Los Angeles Dodgers at Pittsburgh Pirates: Final Score & Recap
Line Score
| Team | 1 | 2 | 3 | 4 | 5 | 6 | 7 | 8 | 9 | R | H | E |
|---|---|---|---|---|---|---|---|---|---|---|---|---|
| LAD | 0 | 1 | 0 | 0 | 0 | 1 | 10 | 0 | 0 | 12 | 15 | 0 |
| PIT | 2 | 0 | 0 | 0 | 0 | 0 | 0 | 0 | 1 | 3 | 5 | 2 |
The Story
The Los Angeles Dodgers dismantled the Pittsburgh Pirates 12-3 at PNC Park on June 9, 2026, turning what had been a competitive game into a lopsided final with a ten-run seventh inning that extinguished any remaining hope for Pittsburgh. The DiamondIQ model had opened with the Pirates holding a 40 percent home win probability, but by the time the final out was recorded that figure had fallen to zero, reflecting just how thoroughly Los Angeles took control.

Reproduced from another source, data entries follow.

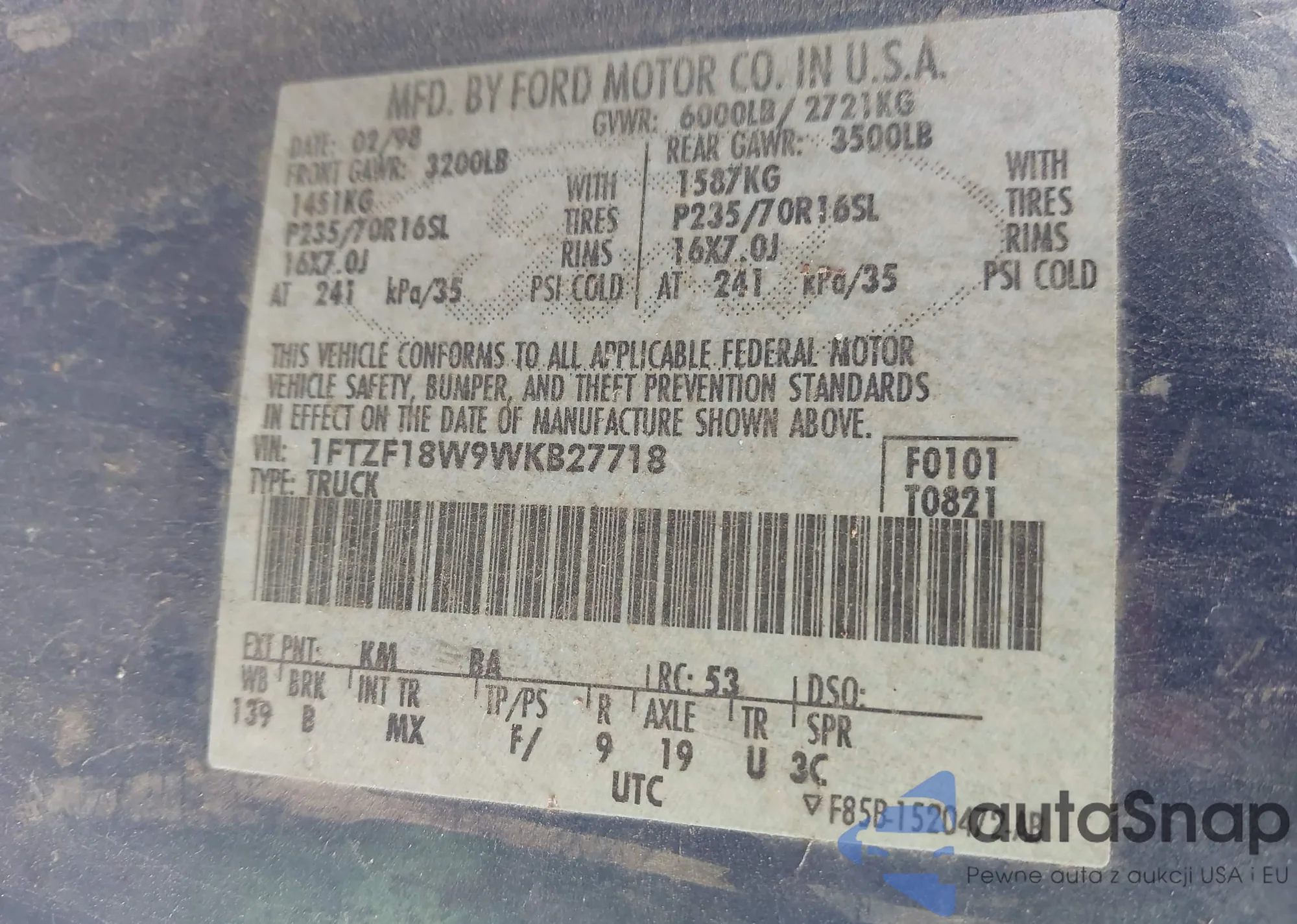 • VIN 1FTZF18W9WKB27718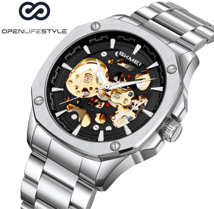 Skmei 9378 Men’s Mechanical Wrist Watch Solid Stainless Steel Strap Automatic Minimalist Design 5mm Thick Luxury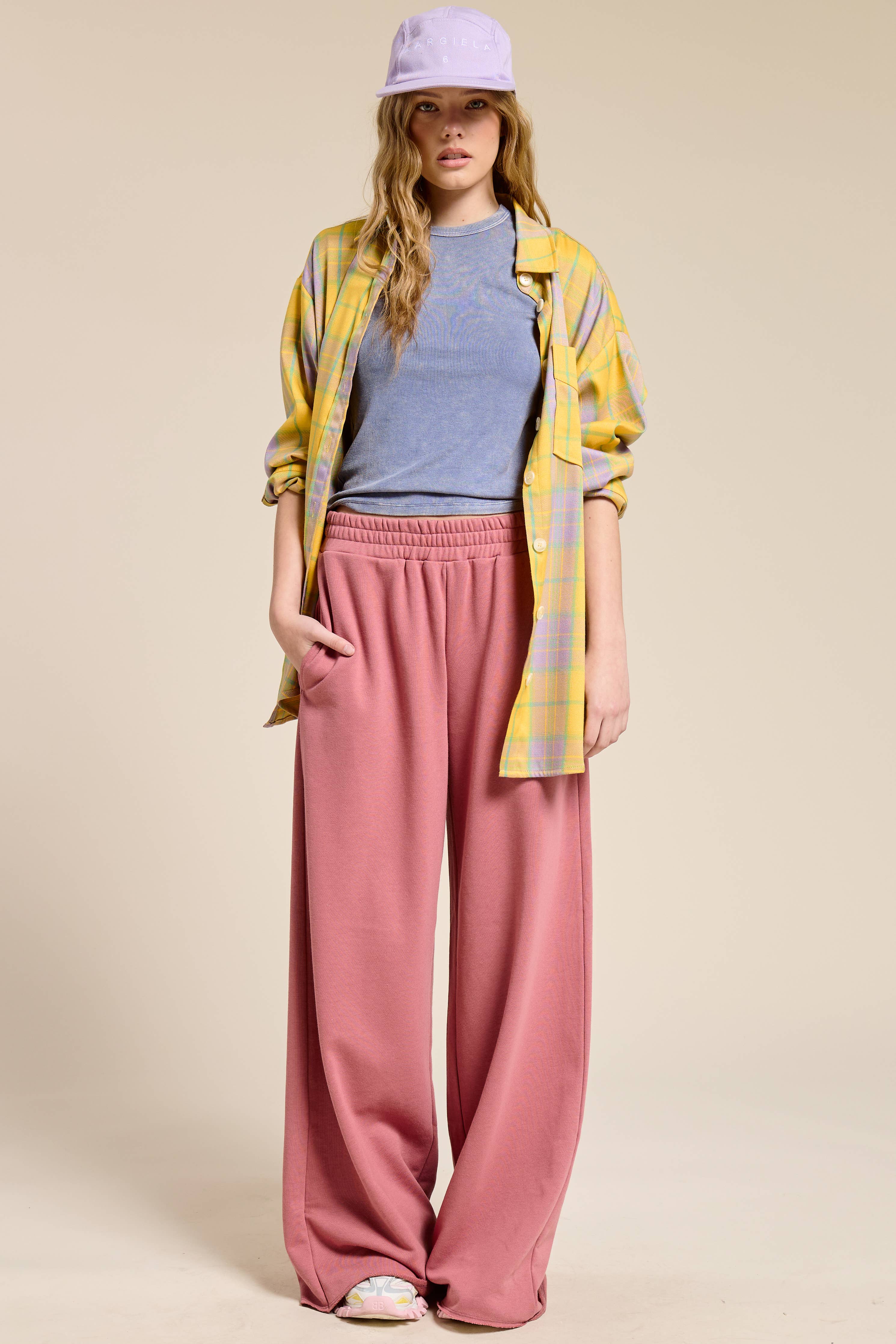 Made from breathable 100% cotton, these high-waisted sweatpants feature a raw edge hem, wide-leg silhouette, and elastic waistband for the perfect relaxed fit. Tailor the hem to your ideal length and pair with anything from cropped tanks to oversized crews for a casually cool look. MB5003 Size Small Measurements Length: 42.5" Waist: 26.5" Hip: 41" Inseam: 32" Size Medium Measurements Length: 43" Waist: 28.5" Hip: 43" Inseam: 32.25" Size Large Measurements Length: 43.5" Waist: 30.5" Hip: 45" Inseam: 32.5" cotton lounge pants, wide leg joggers, high waisted sweatpants, relaxed fit loungewear, everyday joggers, cozy basics, cotton basics, comfy weekend pants, everyday essential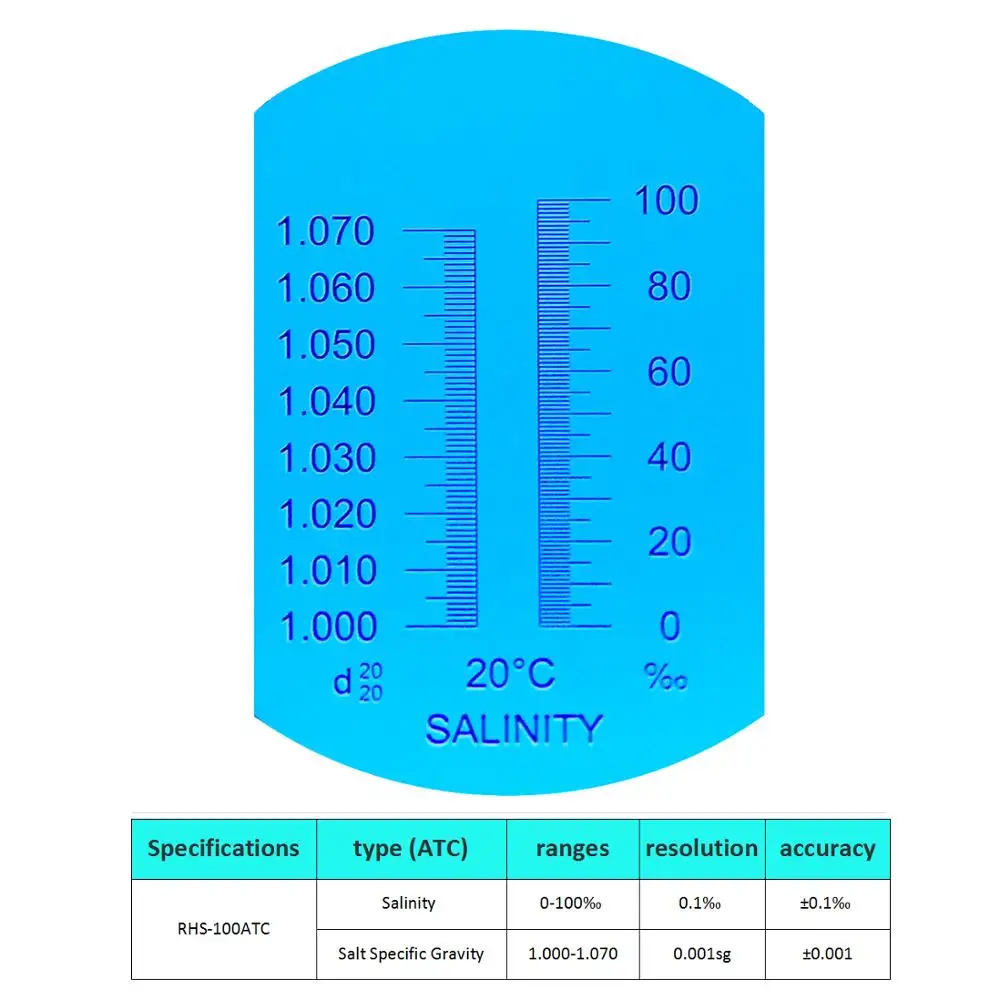 Рефрактометр Соленость 0-100ppt соль 1,000-1.070sg для аквариума соленая вода соленоватая морская atc Соленость рефрактометр Aqurium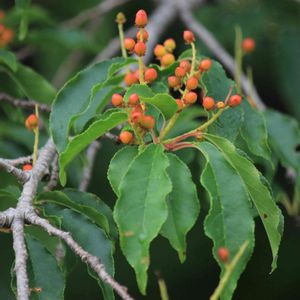 【われら樹木探検隊】 🌿イヌザクラ🌿犬桜 直径8ミリほどのイヌザクラの果実です🟡🟠🔴 花期も花もよく似たウワミズザクラ(7/30投稿)の果実とよく似ていますが、いくつか違いがあります。 * 花序は前年枝の節から出る (ウワミズザクラは新枝の先から) 🔹花序の軸に葉はつかない (ウワミズザクラは下部に3〜5個つく) 🔸萼片が花後落ちず果期にも残る (ウワミズザクラは残らない) *果実は苦味が強い (ウワミズザクラは食べられる) ウワミズザクラの果実はほとんど残っていなかったのに、イヌザクラはいっぱいついていて驚きました😳🔴🟠🟡 その小さな果実をカラスがついばんでいる姿はちょっと滑稽でした😆😄 2022.7.18撮影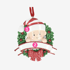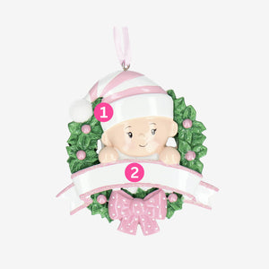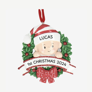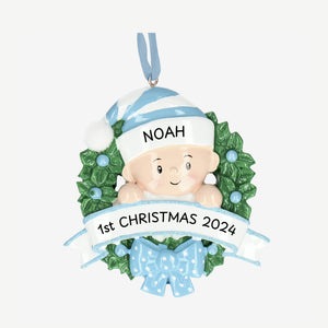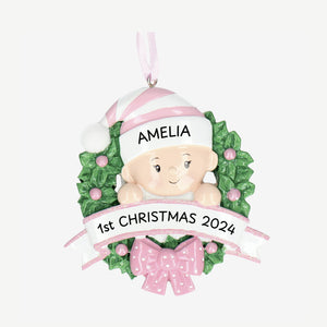 Baby 1st Christmas Bauble - Personalise with Name | Baby in a Wreath design | Christmas Decor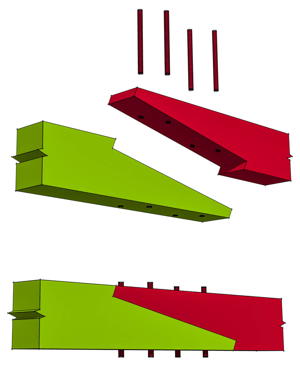 Home » Timber Frame Construction Details » Timber Frame Joints » Under Squinted Stop Splayed Scarf Joint With Pegs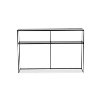 Console FORKA heeft een volledige afwerking in zwart gepoedercoated metaal. Dit eenvoudige, stoere en stijlvolle tafeltje is perfect voor in de hal of de slaapkamer. Perfect om wat mooie herinneringen, een plant en zelf een schaal voor de sleutels op te zetten. Dankzij de 2 niveaus kan je er heel wat moois op kwijt.Deze sidetable heeft een afmeting van 79x120x35 cm. Deze console heeft een breedte van 130cm en is 91cm hoog.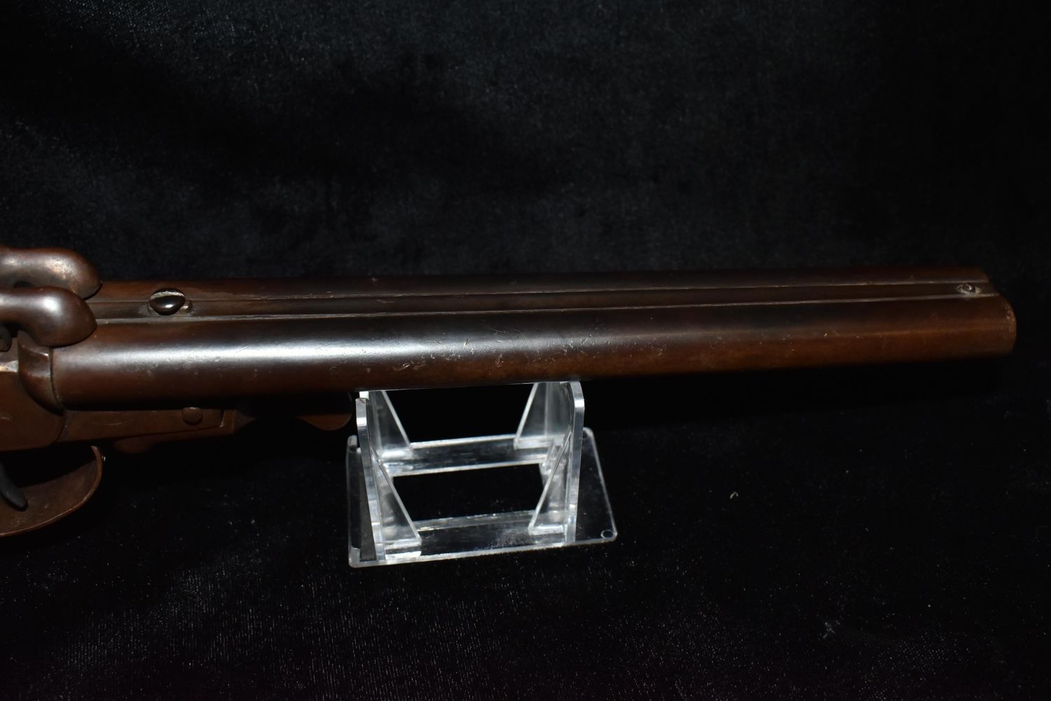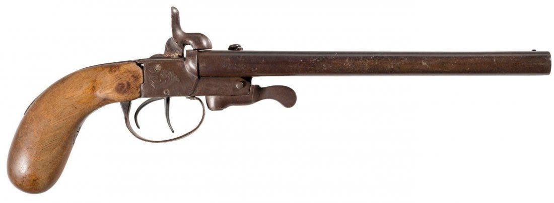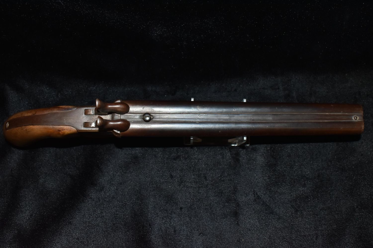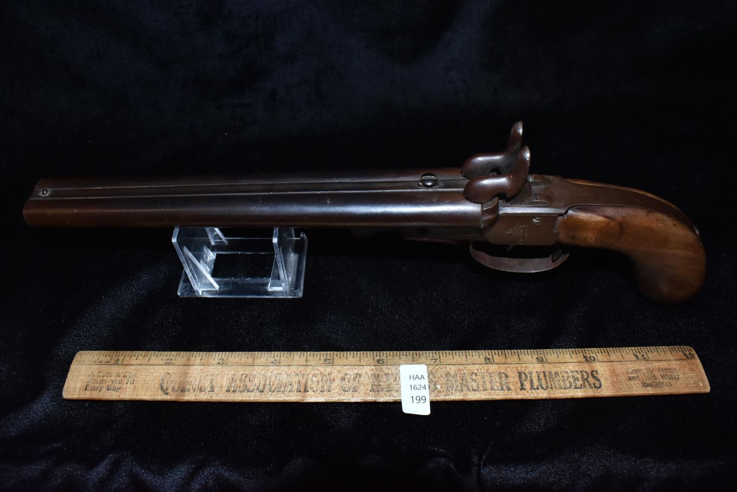 Unusual engraved long double barrel target pistol. 1840 to 1860 pin fire 42 gauge.

The decisive sequence unfolded in the top of the seventh against reliever Wilber Dotel. Andy Pages delivered the most impactful single play of the game, a home run that shifted win probability by plus 15.8 percent in the Dodgers' favor. Shohei Ohtani followed with a double worth plus 15.4 percent, and later in the same frame Alex Freeland added a single that contributed another plus 7.9 percent swing, compounding the damage across what became a ten-run explosion. The inning before, Max Muncy had cracked a single off Paul Skenes in the sixth that carried a plus 11.8 percent win-probability swing, serving as an early crack in Pittsburgh's hold on the game. The lone significant play working against Los Angeles came in the fifth, when Freeland hit into a double play off Skenes that cost the Dodgers 10.0 percent in win probability and temporarily steadied the Pirates.
By the WPA and RE24 measures tracked by the DiamondIQ model, Muncy was the Dodgers' most valuable offensive contributor at plus 19.5 percent win probability added and a RE24 of plus 2.8. Ohtani finished at plus 10.3 percent WPA and plus 1.4 RE24, while Pages checked in at plus 10.1 percent WPA and plus 0.9 RE24. On the pitching side, Paul Skenes led Pittsburgh with plus 18.7 percent WPA before the bullpen faltered, and Los Angeles's Eric Lauer contributed plus 7.1 percent WPA in support of the win. Los Angeles finished with 15 hits and no errors against Pittsburgh's five hits and two errors, a clean execution that matched the dominance reflected in the model's final numbers.